--- START ---

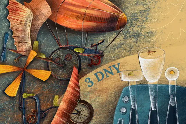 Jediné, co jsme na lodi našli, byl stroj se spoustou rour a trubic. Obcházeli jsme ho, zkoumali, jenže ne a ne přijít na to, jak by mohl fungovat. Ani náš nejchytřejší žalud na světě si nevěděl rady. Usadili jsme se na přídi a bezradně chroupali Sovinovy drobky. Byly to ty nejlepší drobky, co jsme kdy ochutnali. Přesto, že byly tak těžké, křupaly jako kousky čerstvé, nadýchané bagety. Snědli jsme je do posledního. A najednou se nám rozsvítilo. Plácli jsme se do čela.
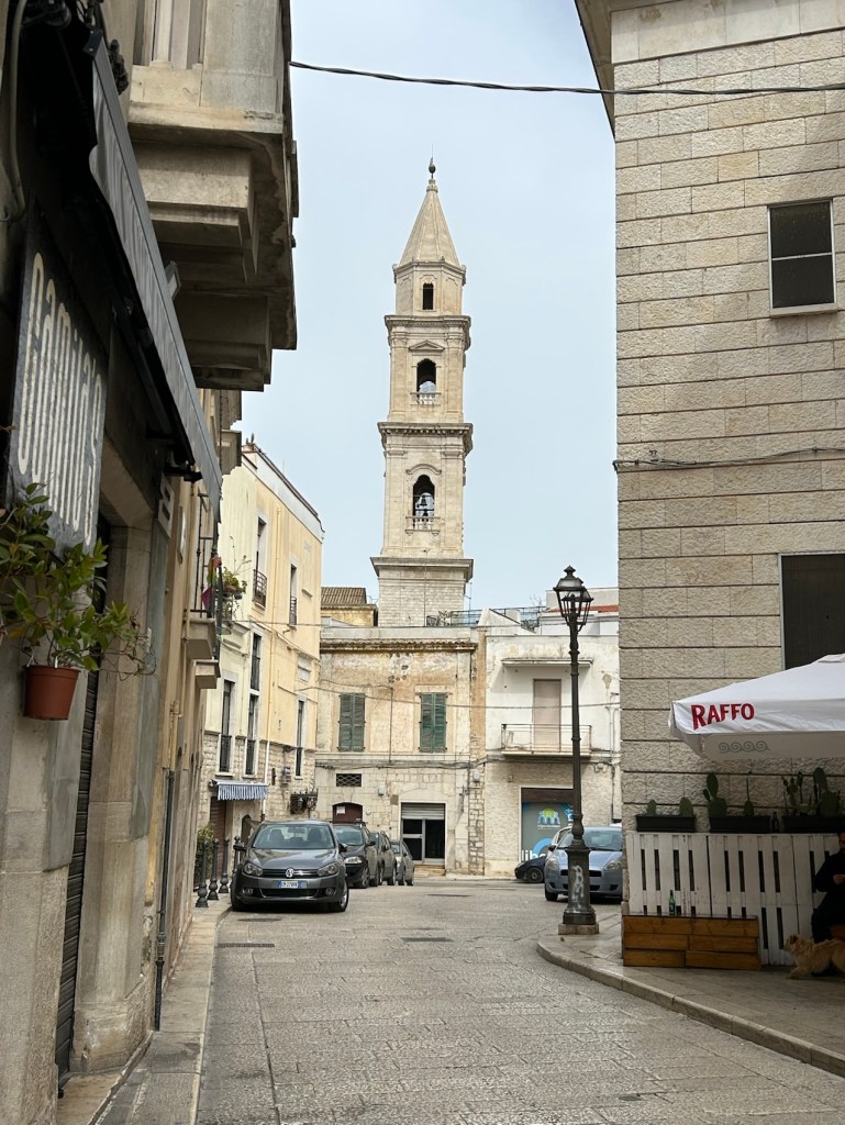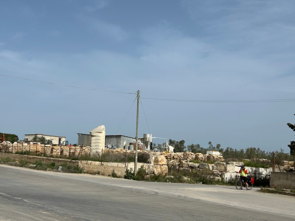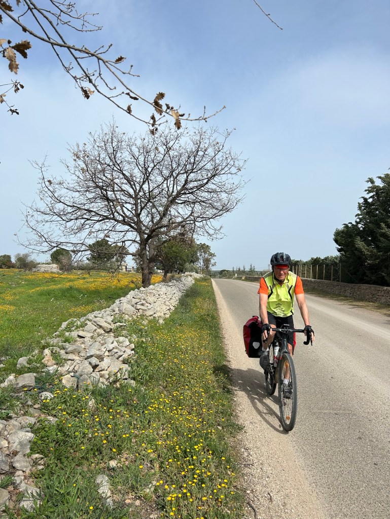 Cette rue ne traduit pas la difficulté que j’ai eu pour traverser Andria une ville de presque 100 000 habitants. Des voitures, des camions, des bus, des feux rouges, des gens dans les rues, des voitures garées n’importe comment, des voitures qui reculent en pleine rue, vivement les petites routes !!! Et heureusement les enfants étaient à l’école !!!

--- END ---
--- START ---

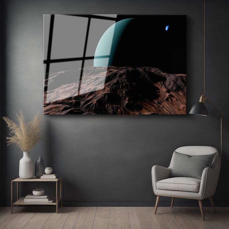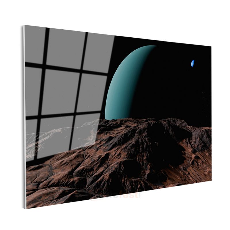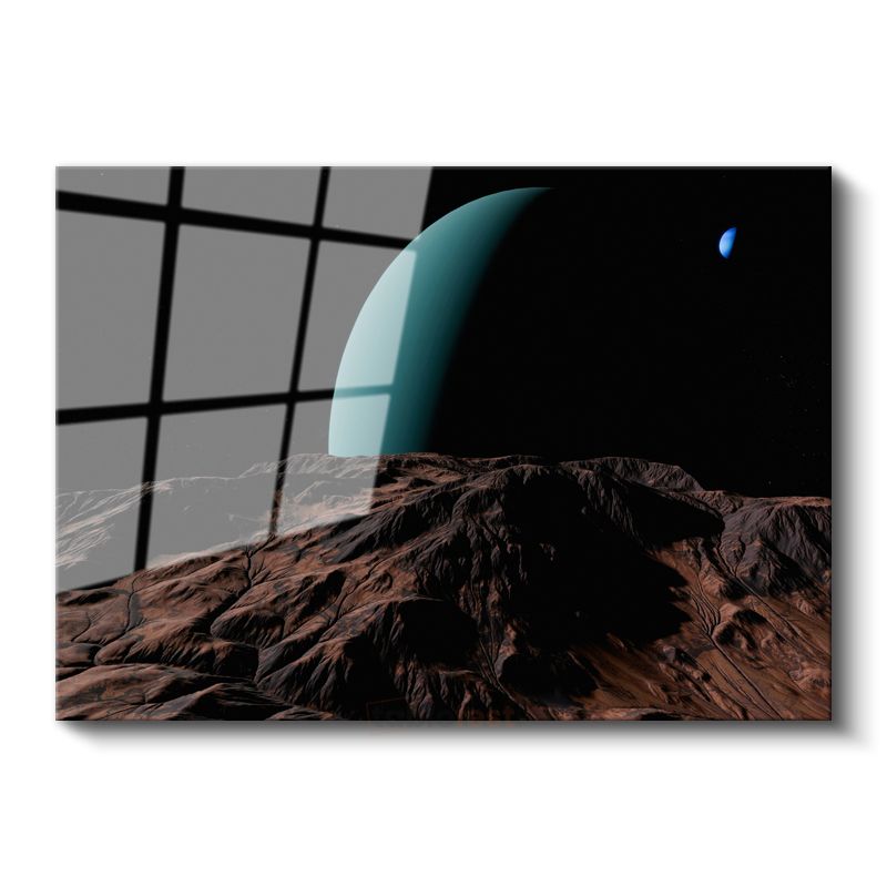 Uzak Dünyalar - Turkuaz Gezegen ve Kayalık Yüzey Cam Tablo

--- END ---

* What to produce *
When copying from the data above, print only the lines from the line containing "Jediné, co jsme" to the line containing "Cette rue ne", exactly, and leave the pictures out.

* Output *
 Jediné, co jsme na lodi našli, byl stroj se spoustou rour a trubic. Obcházeli jsme ho, zkoumali, jenže ne a ne přijít na to, jak by mohl fungovat. Ani náš nejchytřejší žalud na světě si nevěděl rady. Usadili jsme se na přídi a bezradně chroupali Sovinovy drobky. Byly to ty nejlepší drobky, co jsme kdy ochutnali. Přesto, že byly tak těžké, křupaly jako kousky čerstvé, nadýchané bagety. Snědli jsme je do posledního. A najednou se nám rozsvítilo. Plácli jsme se do čela.
 Cette rue ne traduit pas la difficulté que j’ai eu pour traverser Andria une ville de presque 100 000 habitants. Des voitures, des camions, des bus, des feux rouges, des gens dans les rues, des voitures garées n’importe comment, des voitures qui reculent en pleine rue, vivement les petites routes !!! Et heureusement les enfants étaient à l’école !!!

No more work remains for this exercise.